Se fijó en las películas de vídeo que había bajo la televisión y se preguntó si le darían algún dato sobre el hombre que vivía en aquella casa. Toy Story, Las tortugas ninja y Bailando con lobos. Gumpy se sentó en el sofá y, aunque parecía tranquilo, ella se sintió obligada a disculparse.

—Lo siento, Gumpy —le dijo—. Nunca debimos llegar tan lejos.

Él sonrió.

Oyeron que un cajón se cerraba en la cocina.

—¿Dónde diablos están mis llaves?

Desde otra parte de la casa provenían las risas de los niños.

—¿Doreen? ¿Danny? —Ethan llamó a los pequeños, pero solo obtuvo el silencio como respuesta—. ¿Dónde están mis llaves? —se oyeron unas risitas.

Lacey se volvió para mirar a Gumpy.

—¿En el retrete? —le preguntó.

Él asintió y ella esperó la inminente explosión, pero no fue así.

Ethan regresó al salón, se sentó en el sofá y cerró los ojos. Parecía cansado y desanimado.

—Seguro que ni siquiera sabe cocinar —murmuró.

—No sabrás lo que es comer hasta que no pruebes mi chili vegetariano —dijo ella, orgullosa.

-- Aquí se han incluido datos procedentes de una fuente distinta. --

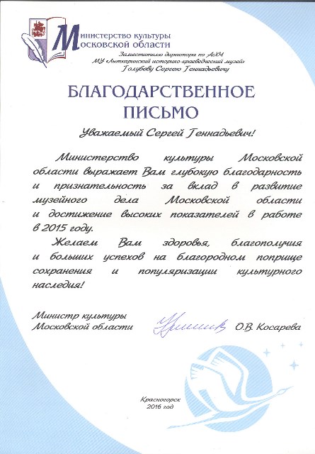 В Государственном мемориальном музыкальном музее-заповеднике П.И. Чайковского 19 мая прошло торжественное собрание музейных работников Московской области, посвященное Международному Дню музеев. Министр культуры Московской области О.В. Косарева принимала участие в торжественной церемонии награждения лучших музейных работников за 2015 год. Заместителю директора С.Г. Голубеву было вручено Благодарственное письмо Министра культуры Московской области за вклад в развитие музейного дела Московской области и достижение высоких показателей в работе.

—¿Vegetariano? —dijo él con desagrado.

Incluso Gumpy la miraba del mismo modo.

—¿Vegetariano?

Oyeron que los niños tiraban la cadena una y otra vez y que no paraban de reírse.

—En estos momentos, mi vida no podía ser peor —dijo Ethan despacio. A Lacey le pareció prudente permanecer callada—. ¿Señorita? —dijo Ethan abriendo un ojo.

—Señora —lo corrigió ella.

—Está en un rancho —le dijo cerrando los ojos de nuevo—. Criamos ganado y promocionamos la carne roja.

—Ah.

Sonó el teléfono y durante unos momentos pareció que ambos hombres estaban dispuestos a ignorar la llamada.

—¿Sabes quién es, no? —le preguntó Ethan a Gumpy.

—Ni idea.

—Es una mujer furiosa, de cincuenta y siete años, que ha criado a cuatro niños con éxito a base de carne y patatas.

Se levantó del sofá y se dirigió a contestar el teléfono.